Tea, which is one of the most widely consumed beverages across the globe, is a rich source of antioxidant flavonoids. Consumption of these polyphenolic compounds, which are also found in vegetables, fruits and red wine, has been linked with a reduced risk of coronary heart disease, through lower blood cholesterol; strokes; and reduced risk of developing certain digestive and oral cancers.

Some studies show that tea has a higher antioxidant effect than certain vegetables. But adding milk to tea appears to nullify this beneficial effect.

A major proportion of premature deaths in developed countries is due to coronary heart disease and cancer. Free radicals, produced endogenously as a by-product of aerobic metabolism, are implicated in the pathogenesis of these diseases because they have considerable chemical reactivity with biological molecules. Such damage to cellular lipids and DNA increases the risk of developing heart disease and cancer respectively. In addition, there is now considerable evidence that inadequate dietary intakes of antioxidant micronutrients, such as flavonoids and phenolic compounds, which prevent free radical-mediated damage in vivo, contribute to these disorders.

So it is likely that the health of the population could be improved through increased consumption of antioxidant-rich fruits, vegetables and beverages.

Antioxidants can also make life more pleasant for drinkers of alcohol. While too much alcohol has the unwanted effects of a hangover and potential liver damage, anti-alcohol antioxidants can act as a preventive. The thiamine in vitamin B1 is one, but they are better taken before drinking.

Drinking alcohol leads to the production of the toxic compounds acetaldehyde and malondialdehyde. Like most undesirable compounds in the body, these create free radical damage to cells throughout the body. Although antioxidants help prevent cell damage from alcohol, they do not stop the temporary mental impairment that alcohol induces. In addition, they may be relatively ineffective against the regular, high intakes of addicted alcoholics.

All tissues and body fluids contain antioxidants which afford protection against damage mediated by endogenously generated, highly reactive free radicals. Within the cells, this protection is primarily derived from antioxidant enzymes such as superoxide dismutase and glutathione peroxidase.
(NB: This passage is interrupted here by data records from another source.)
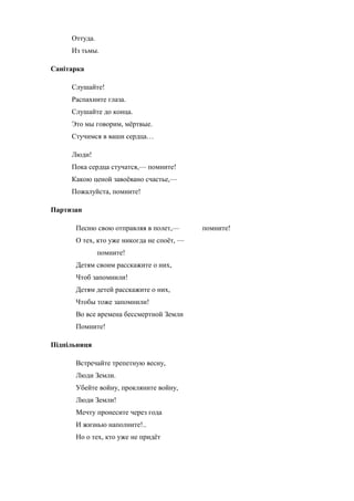 2-й ведучий залишає сцену. З’являються Солдат, Партизан та Санітарка.
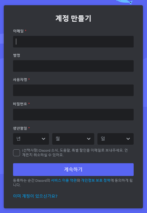 이메일, 별명, 사용자명, 비밀번호, 생년월일을 입력하시면 됩니다. 별명은 다른 사용자들이 볼 수 있는 닉네임같은 거라고 생각하시면 됩니다. 본명을 쓰는 란이 아닙니다. 닉네임 같은 거라고 생각하시면 됩니다. 사용자명도 본명을 사용하지 않으셔도 됩니다. 사용자명은 ID 같은 느낌입니다. 저도 아무거나 입력했습니다.
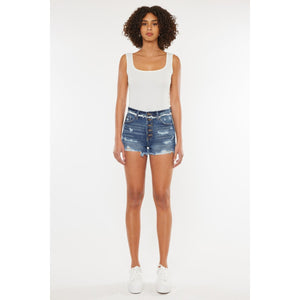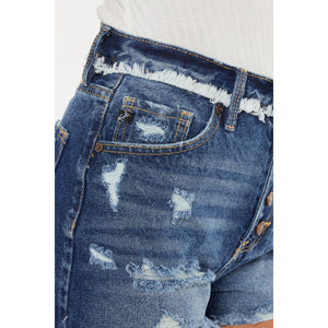 Distressed Button Fly Denim Shorts are a trendy and versatile addition to your summer wardrobe. The distressed detailing adds a touch of edgy appeal to the shorts, giving them a cool and casual vibe. The button fly closure offers a stylish and unique detail that sets these shorts apart. These shorts can be easily dressed up with a blouse and sandals or dressed down with a graphic tee and sneakers. Perfect for a day out with friends or a casual weekend getaway. Overall, Distressed Button Fly Denim Shorts are a must-have piece for those who love to add a touch of trendiness to their summer outfits.

Most extracellular antioxidant capacity comes from low molecular weight scavenging antioxidants. Many of these are dietary components such as ascorbic acid, alpha-tocopherol and beta-carotene, or are derived from dietary components such as uric acid, non-protein thiols and glutathione. Major plasma proteins such as albumin also have antioxidant activity by virtue of their high sulphydryl content.

There is much research still needed into antioxidants to formalise the empirical information that has been recorded. Antioxidants in saliva, for example, are less well studied or understood than those present in plasma and other body fluids but they contribute significantly to oral health. But if food scientists drink tea while researching antioxidants, they will be helping both themselves and mankind.